Transactions for actuals, encumbrances, and budget amendments can generally be found in a ‘Journal’ or ‘Journal Lines’ table. Debit and credit may be separate columns. Transactions can have any number of custom attributes which are stored as text and supplied as additional columns in the transactions table.
Transaction Journals Data Elements
Element | Description | Example |
---|---|---|
Primary key | Unique identifier for each transaction record. Usually from the Journal Lines table as the atomic unit of a transaction. Can be a composite key of multiple columns. | 1 |
Updated At | Timestamp of the most recent modification to this record, including any joins to tables downstream. | 2001-02-03 04:05:06 |
Account Code | Full account string this transaction is applied to. | 100-20-345-6789 |
Segment Codes | Code for each account segment/dimension. (Typically 3-9 segments) | |
Transaction Date | Date the transaction is recorded and/or effective. | 2001-02-03 |
Description | Reason for the transaction. This should be a line item detail, such as a PO line or invoice line description. | “40 SAT Guides for High School” |
PO Number | The Purchase Order ID or Number the transaction references. | 85963472 |
Invoice Number | The Invoice ID or Number for payments made against POs. | 100123 |
Vendor | The Vendor supplying the purchased service or goods for the expense. | Paper Goods Company |
Amount | The Amount spent from the account. | 123.45 |
Status | The Type of Transaction. | Encumbrance or Actual/Spent or Budget |
Transaction Journals Custom Attributes
Transactions can also have custom attributes.
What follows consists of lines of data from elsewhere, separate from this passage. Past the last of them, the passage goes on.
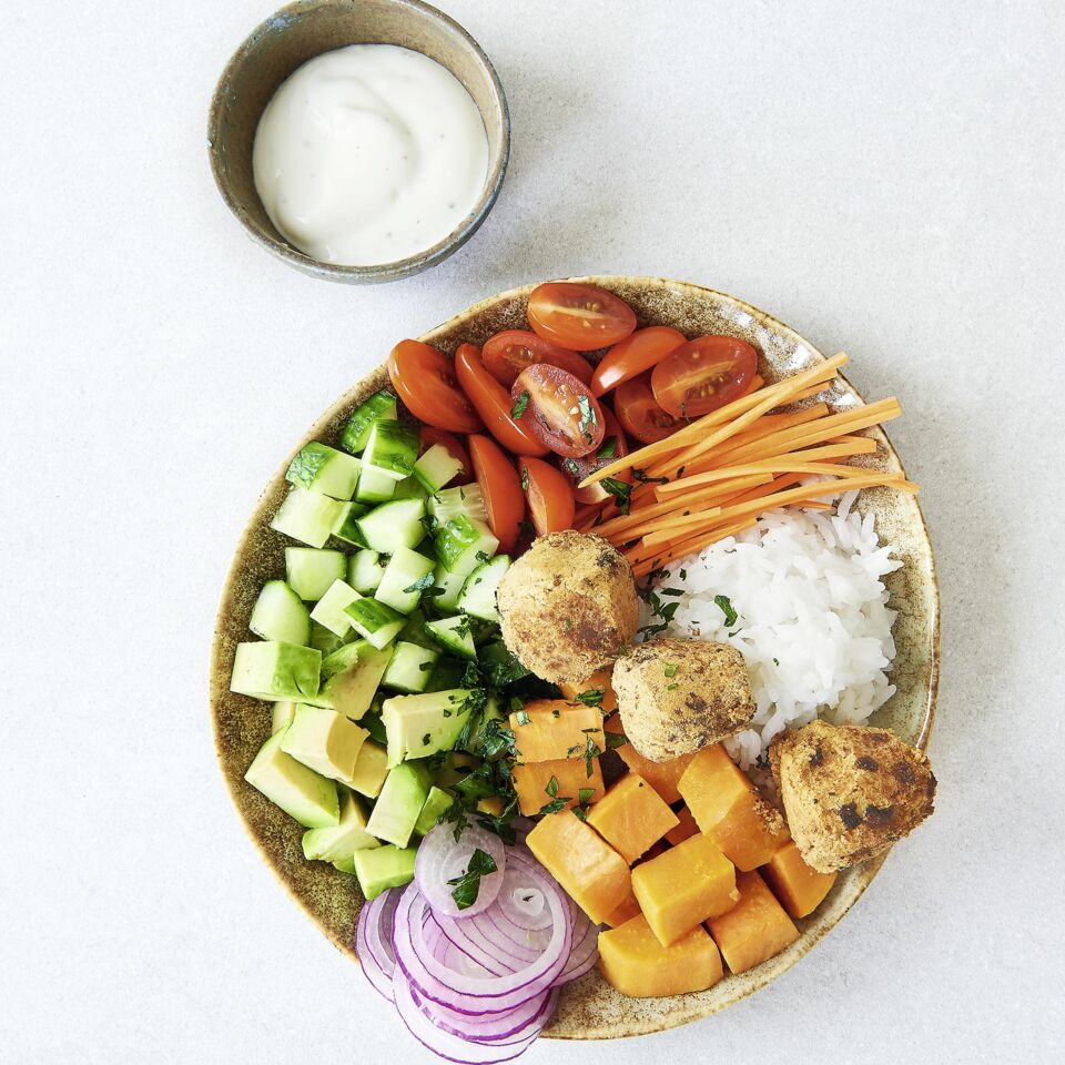Das Highlight dieser Buddha-Bowl? Die selbst gemachten Falafeln. Oder doch die Süßkartoffeln? Oder die Avocado? Entscheide selbst ...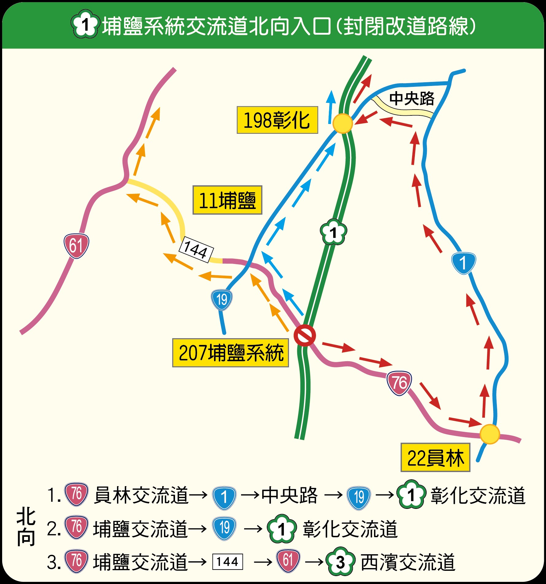 (二) 台76線欲轉國道1號北上,可由台76線埔鹽交流道→台19線(彰水路)→國道1號彰化交流道,或由台76線員林交流道→台1線→國道1號彰化交流道。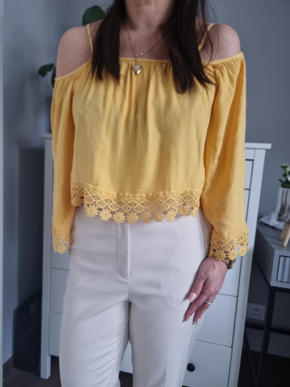Żółta bluzka, z haftem, odkryte ramiona r. 36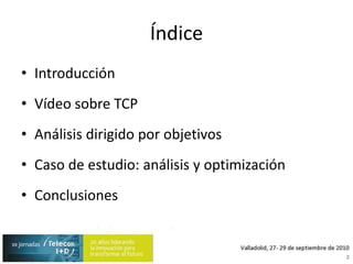 Este documento presenta un análisis y optimización del descargado de videos en dispositivos móviles. Integra las herramientas SPIN y ns-2 para realizar un análisis parametrizado dirigido por objetivos de escenarios de descarga de videos sobre TCP en entornos móviles sujetos a desconexiones. El enfoque propuesto reduce significativamente el tiempo de análisis al enfocarse sólo en simulaciones que cumplen los objetivos especificados.
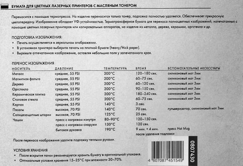 тип бумажки: Laser Transfer Paper (Термотрансферная бумага для цветных принтеров)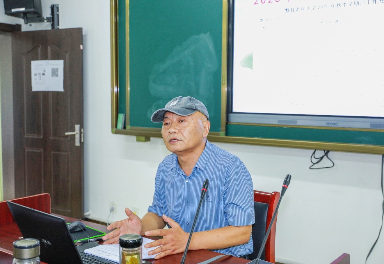 副校长程国营对新学期各项工作进行了全面细致的安排。他强调,新学期要以提升教学质量为核心,以优化服务管理为抓手,重点做好课程体系建设、教学规范管理、学员服务保障等方面工作。程国营结合老年教育特点,为与会人员作了《老年学员心理与教学中的情感交流》《老年大学课堂教学环节规范》专题辅导讲座。讲座深入浅出地分析了老年学员的心理特征,分享了课堂教学中的情感交流技巧,并详细解读了课堂教学各环节的规范要求,为教师们开展教学工作提供了专业指导。

Custom attributes can be supplied in a separate table with a reference to the transaction primary key or supplied in the same table as transactions, with each additional column named for the attribute type. All custom attributes are loaded as text.
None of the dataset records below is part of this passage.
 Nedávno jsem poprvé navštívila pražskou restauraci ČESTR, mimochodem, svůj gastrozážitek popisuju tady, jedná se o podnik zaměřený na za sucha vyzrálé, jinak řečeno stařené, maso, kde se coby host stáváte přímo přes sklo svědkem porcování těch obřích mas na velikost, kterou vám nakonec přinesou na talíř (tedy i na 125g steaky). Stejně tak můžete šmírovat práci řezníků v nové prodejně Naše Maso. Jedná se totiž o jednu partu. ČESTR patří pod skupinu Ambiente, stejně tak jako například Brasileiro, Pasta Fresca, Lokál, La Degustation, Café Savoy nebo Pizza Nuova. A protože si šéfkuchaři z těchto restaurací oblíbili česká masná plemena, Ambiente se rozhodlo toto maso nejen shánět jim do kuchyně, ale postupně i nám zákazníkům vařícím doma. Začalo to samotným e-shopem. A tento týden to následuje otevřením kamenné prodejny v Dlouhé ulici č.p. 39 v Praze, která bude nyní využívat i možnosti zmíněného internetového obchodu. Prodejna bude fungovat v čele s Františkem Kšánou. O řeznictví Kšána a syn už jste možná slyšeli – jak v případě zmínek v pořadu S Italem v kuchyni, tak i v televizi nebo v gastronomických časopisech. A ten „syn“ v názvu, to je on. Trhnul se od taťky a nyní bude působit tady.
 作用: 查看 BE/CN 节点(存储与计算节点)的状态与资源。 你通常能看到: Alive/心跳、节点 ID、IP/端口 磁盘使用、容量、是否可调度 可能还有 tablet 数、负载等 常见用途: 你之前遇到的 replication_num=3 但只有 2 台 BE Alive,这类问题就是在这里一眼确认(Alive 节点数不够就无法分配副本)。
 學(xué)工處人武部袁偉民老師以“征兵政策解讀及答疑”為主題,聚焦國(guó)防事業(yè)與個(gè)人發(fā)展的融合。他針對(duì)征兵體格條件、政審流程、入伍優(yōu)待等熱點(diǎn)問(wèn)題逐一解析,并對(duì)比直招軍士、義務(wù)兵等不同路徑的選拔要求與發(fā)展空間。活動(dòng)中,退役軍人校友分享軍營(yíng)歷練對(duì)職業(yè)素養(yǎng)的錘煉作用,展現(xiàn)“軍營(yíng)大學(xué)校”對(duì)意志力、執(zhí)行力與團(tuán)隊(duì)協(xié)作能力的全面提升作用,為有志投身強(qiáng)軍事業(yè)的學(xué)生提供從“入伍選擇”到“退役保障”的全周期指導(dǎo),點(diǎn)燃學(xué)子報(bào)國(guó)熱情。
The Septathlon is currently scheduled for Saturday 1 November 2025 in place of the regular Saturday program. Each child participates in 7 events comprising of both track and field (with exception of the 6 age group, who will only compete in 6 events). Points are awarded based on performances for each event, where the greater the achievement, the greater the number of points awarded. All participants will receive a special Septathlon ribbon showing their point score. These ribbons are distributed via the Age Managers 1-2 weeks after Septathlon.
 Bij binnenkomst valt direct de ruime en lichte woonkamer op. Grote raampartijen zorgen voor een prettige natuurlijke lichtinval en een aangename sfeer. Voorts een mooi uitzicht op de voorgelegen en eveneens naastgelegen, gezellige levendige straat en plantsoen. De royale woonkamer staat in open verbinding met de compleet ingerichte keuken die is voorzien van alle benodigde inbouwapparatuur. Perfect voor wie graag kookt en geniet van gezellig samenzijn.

Some common custom attributes include:
Check number
Requestor
Requisition ID
Journal source
Transaction Journals Data Validations
Unique by primary key
PO, Invoice, and Vendor are required, but nullable for transactions where they are not applicable.
Transaction date is not null.
Account code is not null.
Amount is not null.
Status matches Encumbered, Spent, or Budget.
Segments or accounting dimensions exist in the segment data.